[REQUIRED WORK] In the material below, the lines containing the word "with" are required; copy each of them.
[PROVIDED RECORDS — start]
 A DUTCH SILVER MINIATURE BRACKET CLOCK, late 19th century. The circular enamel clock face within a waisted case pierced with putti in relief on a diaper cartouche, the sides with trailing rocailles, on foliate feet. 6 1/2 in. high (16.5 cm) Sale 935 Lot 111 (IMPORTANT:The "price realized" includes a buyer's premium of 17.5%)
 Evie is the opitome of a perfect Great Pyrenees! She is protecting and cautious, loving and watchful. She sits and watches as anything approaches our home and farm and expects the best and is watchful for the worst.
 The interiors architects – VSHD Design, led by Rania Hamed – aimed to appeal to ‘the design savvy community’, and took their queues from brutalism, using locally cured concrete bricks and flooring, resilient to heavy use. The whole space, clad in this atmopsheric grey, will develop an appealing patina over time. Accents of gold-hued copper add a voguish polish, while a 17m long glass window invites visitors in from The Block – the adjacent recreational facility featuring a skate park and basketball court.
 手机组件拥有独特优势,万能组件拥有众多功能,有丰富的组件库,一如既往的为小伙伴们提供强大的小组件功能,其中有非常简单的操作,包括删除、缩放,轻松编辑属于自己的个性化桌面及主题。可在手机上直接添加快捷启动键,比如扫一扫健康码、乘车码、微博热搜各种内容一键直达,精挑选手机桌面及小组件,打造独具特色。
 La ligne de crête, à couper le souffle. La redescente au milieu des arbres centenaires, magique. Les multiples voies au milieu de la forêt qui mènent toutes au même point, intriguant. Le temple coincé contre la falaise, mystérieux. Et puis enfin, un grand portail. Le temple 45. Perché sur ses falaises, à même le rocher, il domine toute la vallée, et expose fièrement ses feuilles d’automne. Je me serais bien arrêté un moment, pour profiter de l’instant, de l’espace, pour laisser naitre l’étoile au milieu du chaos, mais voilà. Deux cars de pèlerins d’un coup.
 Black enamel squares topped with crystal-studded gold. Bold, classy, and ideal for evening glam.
[PROVIDED RECORDS — finish]
[SOLVED EXERCISE]
 A DUTCH SILVER MINIATURE BRACKET CLOCK, late 19th century. The circular enamel clock face within a waisted case pierced with putti in relief on a diaper cartouche, the sides with trailing rocailles, on foliate feet. 6 1/2 in. high (16.5 cm) Sale 935 Lot 111 (IMPORTANT:The "price realized" includes a buyer's premium of 17.5%)
 Black enamel squares topped with crystal-studded gold. Bold, classy, and ideal for evening glam.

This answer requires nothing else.